Hulking hurricanes: Seeking greater accuracy in predicting storm strength
To better predict tropical cyclone intensity, scientists sponsored by the Office of Naval Research (ONR) recently worked with the National Aeronautics and Space Administration (NASA) and National Oceanic and Atmospheric Administration to gather atmospheric data from storms that formed in the Atlantic Ocean in 2016.
Fully developed tropical cyclones—variously called hurricanes, typhoons or cyclones, depending on their region—can grow as wide as several hundred miles and sustain winds faster than 150 miles per hour. For example, Typhoon Tip (1979) had 190-mph winds and Hurricane Patricia (2015) whipped up 215-mph winds (the record).

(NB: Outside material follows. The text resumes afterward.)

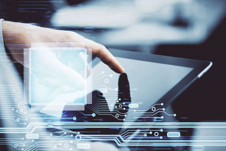 Multi exposure of man's hand holding and using a digital device and data theme drawing. Innovation concept.

Such storms are notoriously difficult to predict, presenting a volatile meteorological cocktail that can change direction, speed and strength, quickly and unexpectedly. They pose a severe threat to U.S. Navy fleet operations—so accurate forecasting is critical for protecting ships at sea, evacuating vulnerable bases, and performing humanitarian assistance and disaster relief.

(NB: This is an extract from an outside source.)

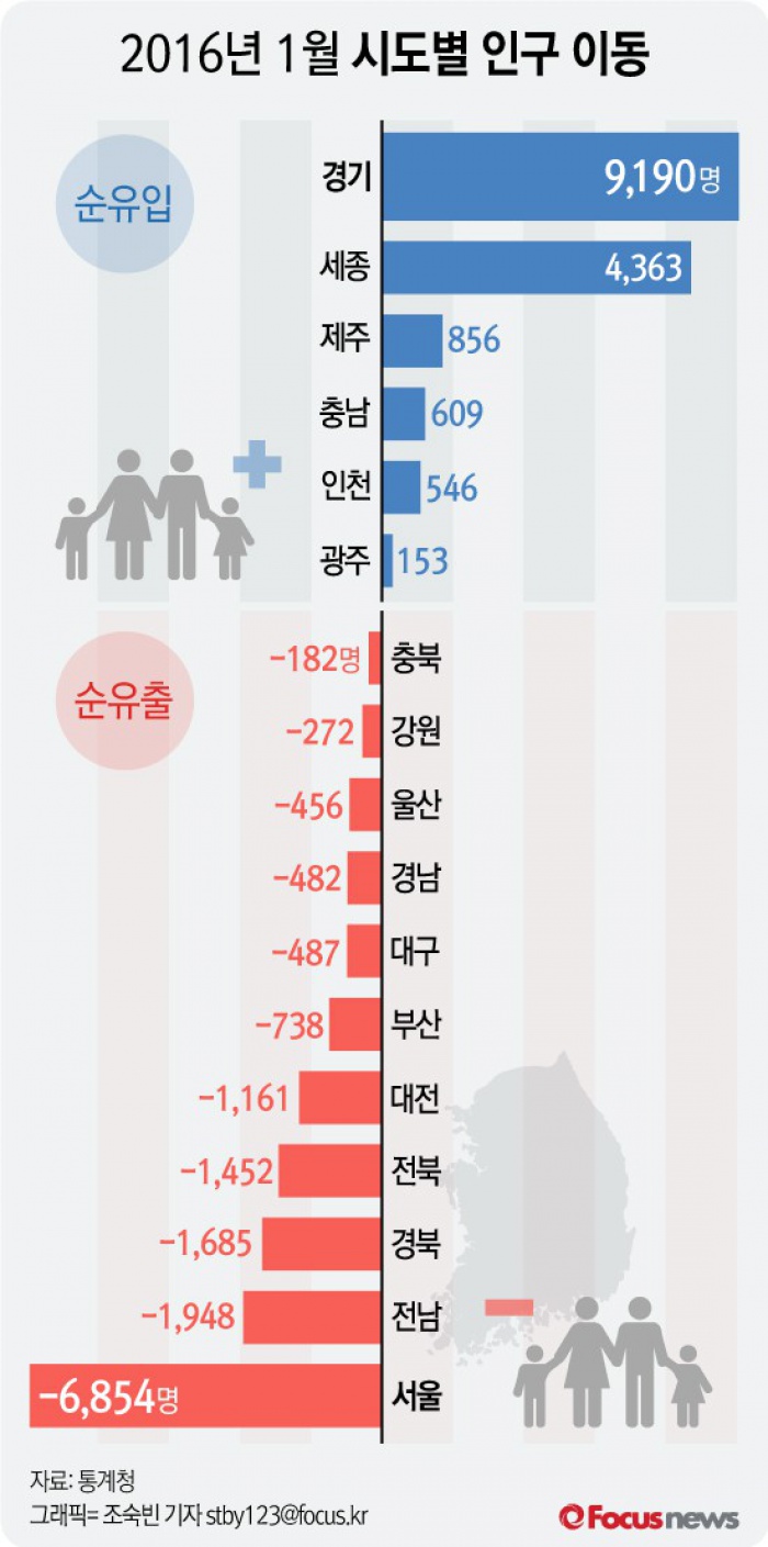 (서울=포커스뉴스) 24일 통계청은 '2016년 1월(1~31일) 시도별 인구 이동자 수'는 순유입자는 경기가 9,190명으로 가장 많고, 순유출자는 서울이 6,854명으로 가장 많았다고 발표했다.

"Think about the ships, equipment, people and assets that must be moved to safety before a hurricane hits," said Dr. Ronald Ferek, a program manager in ONR's Ocean Battlespace Sensing Department. "This represents a huge investment of resources. If we can improve the lead time and accuracy of storm forecasts, it would give naval leadership more time and detailed information for preparations, evacuation or shelter-in-place decisions."
The recent research involved flying NASA's unmanned Global Hawk planes above hurricanes—more than 60,000 feet in the air—and deploying sensor-laden dropsondes. Dropsondes are parachute- and GPS-equipped devices that measure temperature, humidity, moisture, wind speed and direction, pressure and altitude—crucial factors in determining the potential strength and destructiveness of a hurricane.
The Global Hawks flew nine missions this year—dropping 647 dropsondes—culminating in three flights above Hurricane Matthew, a Category 5 storm that battered the East Coast in October. ONR is sponsoring efforts by the Naval Research Laboratory (NRL) and several universities to analyze and interpret the collected data, and integrate it into computerized prediction models.
"Dropsondes are valuable because they take numerous readings as they descend through the storm to the ocean's surface," said Dr. James Doyle, who works in NRL's Marine Meteorology Division in Monterey, Calif. "This provides in-depth information about internal storm structure, and the environment surrounding the storm."
This year's work builds on the Coupled Ocean/Atmosphere Mesoscale Prediction System-Tropical Cyclone—COAMPS-TC, for short. This groundbreaking computer-forecasting tool was developed under ONR sponsorship and put into operations at the Fleet Numerical Meteorological and Oceanographic Center in 2013. COAMPS-TC uses complex algorithms to predict hurricane intensity by processing real-time and historical meteorological data, fed by information from satellites and remote-sensing stations.
Although weather forecasters have become better at forecasting a hurricane's path and landfall, they struggle with predicting its strength. But Doyle said this is improving as unmanned planes like the Global Hawk enable data collection from the storm's upper layer, which can rise over 60,000 feet in height. This layer is where tropical cyclones expel the air that ascends rapidly through deep thunderstorms found in the eyewall—where the greatest wind speed and precipitation are found.
Both Ferek and Doyle believe the upper layer dramatically impacts hurricane intensity. They're especially interested in learning how jet streams interact with the upper layer—as well as its effects on the eyewall and secondary circulation (when hot, moist air flows upward from the storm's bottom, fueling greater intensity).
Doyle's team will use this year's data to create an advanced version of COAMPS-TC for the 2017 season—and will further test this new version by simulating hurricanes that occurred worldwide from 2013-2016. The goal is to see how accurate previous predictions were and use the new information to improve future forecasting.